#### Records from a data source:
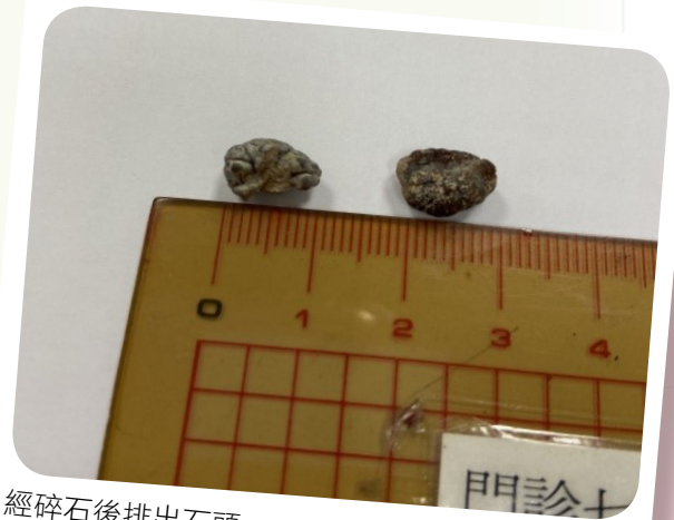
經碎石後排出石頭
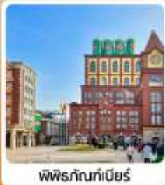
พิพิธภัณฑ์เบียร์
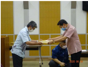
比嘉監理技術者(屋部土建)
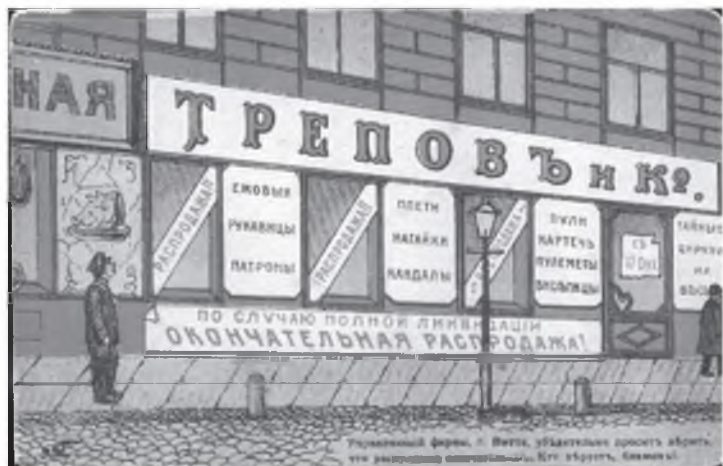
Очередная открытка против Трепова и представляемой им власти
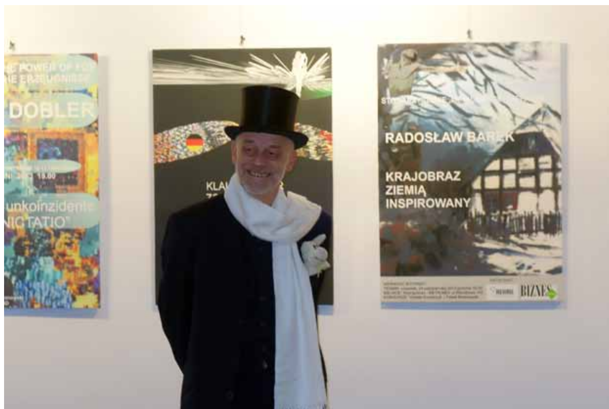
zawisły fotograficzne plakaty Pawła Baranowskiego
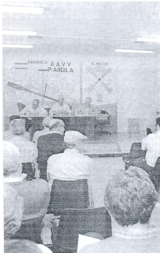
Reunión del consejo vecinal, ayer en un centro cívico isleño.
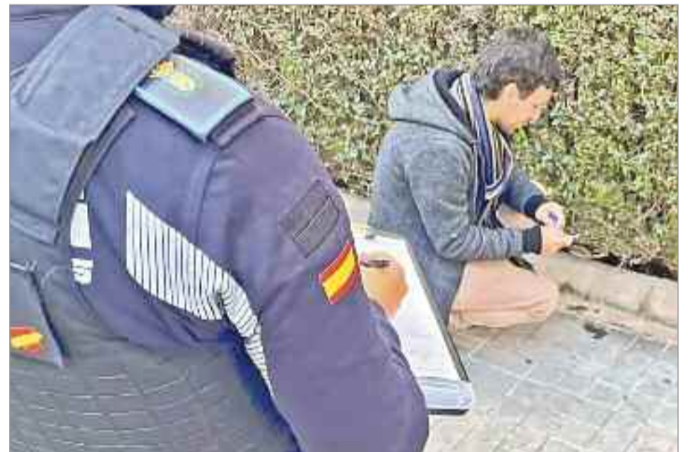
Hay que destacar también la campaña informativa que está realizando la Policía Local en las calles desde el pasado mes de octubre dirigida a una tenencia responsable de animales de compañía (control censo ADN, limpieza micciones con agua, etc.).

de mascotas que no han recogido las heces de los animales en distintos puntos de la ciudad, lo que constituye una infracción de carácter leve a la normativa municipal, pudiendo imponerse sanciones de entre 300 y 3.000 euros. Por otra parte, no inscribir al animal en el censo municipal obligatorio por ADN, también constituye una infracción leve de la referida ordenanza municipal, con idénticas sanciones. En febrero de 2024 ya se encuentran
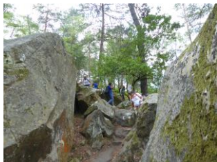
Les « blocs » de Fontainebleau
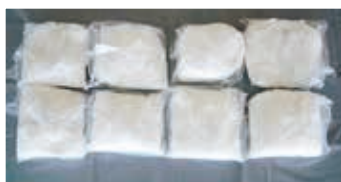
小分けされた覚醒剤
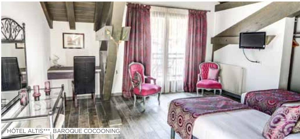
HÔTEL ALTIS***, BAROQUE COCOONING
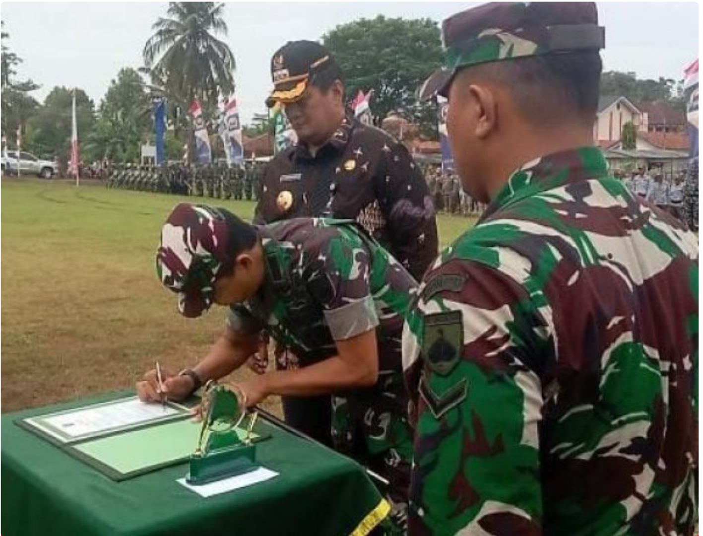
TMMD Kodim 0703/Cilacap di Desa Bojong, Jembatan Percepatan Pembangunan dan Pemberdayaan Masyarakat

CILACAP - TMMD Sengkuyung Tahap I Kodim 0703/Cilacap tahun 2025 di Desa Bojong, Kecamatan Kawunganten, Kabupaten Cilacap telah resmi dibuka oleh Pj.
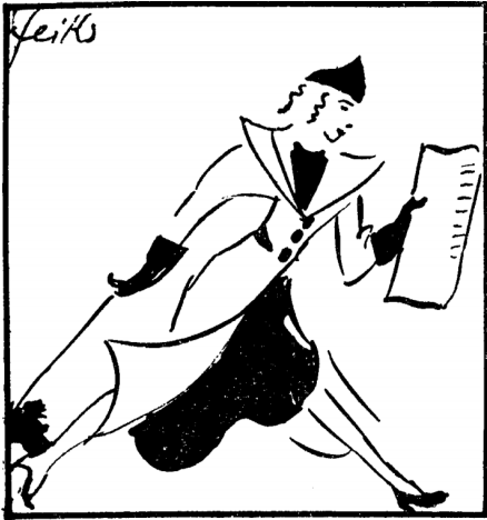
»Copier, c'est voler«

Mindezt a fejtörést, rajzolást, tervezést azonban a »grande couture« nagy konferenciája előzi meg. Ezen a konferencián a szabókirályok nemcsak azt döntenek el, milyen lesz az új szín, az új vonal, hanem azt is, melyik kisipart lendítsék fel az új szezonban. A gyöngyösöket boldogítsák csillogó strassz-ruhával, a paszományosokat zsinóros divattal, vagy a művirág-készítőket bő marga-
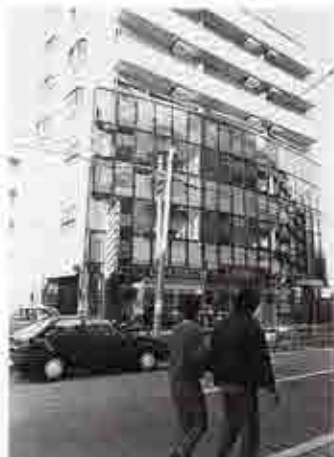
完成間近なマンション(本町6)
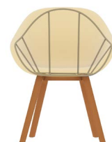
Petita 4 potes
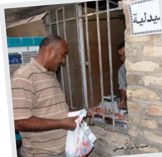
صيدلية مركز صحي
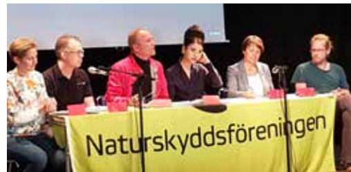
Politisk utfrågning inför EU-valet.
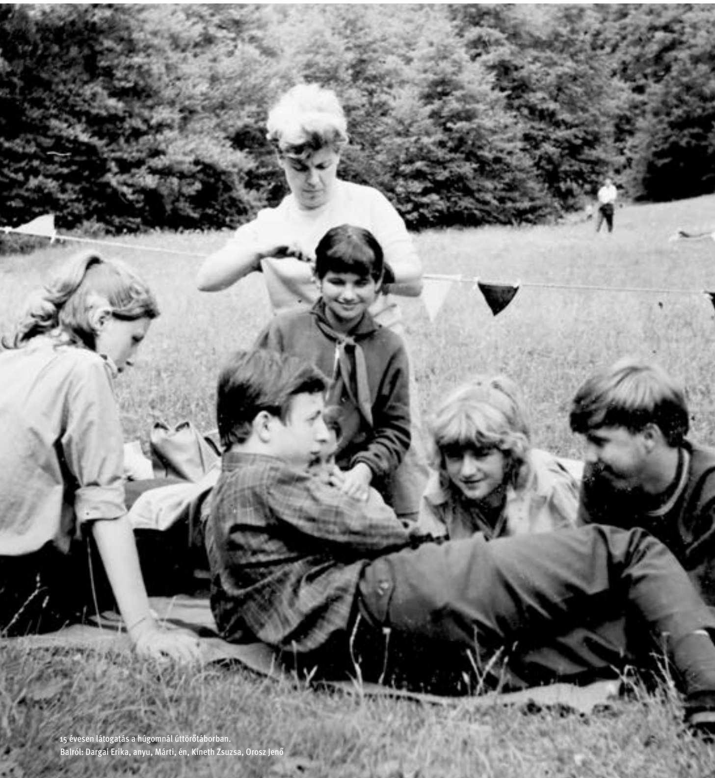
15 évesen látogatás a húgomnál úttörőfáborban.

#### YOUR OBJECTIVE:
Nothing but the lines above from the one that has "比嘉監理技術者(屋部土建)" down to the one that has "Reunión del consejo" belongs in the answer, copied exactly, without pictures.

#### ANSWER SPACE:
比嘉監理技術者(屋部土建)
Очередная открытка против Трепова и представляемой им власти
zawisły fotograficzne plakaty Pawła Baranowskiego
Reunión del consejo vecinal, ayer en un centro cívico isleño.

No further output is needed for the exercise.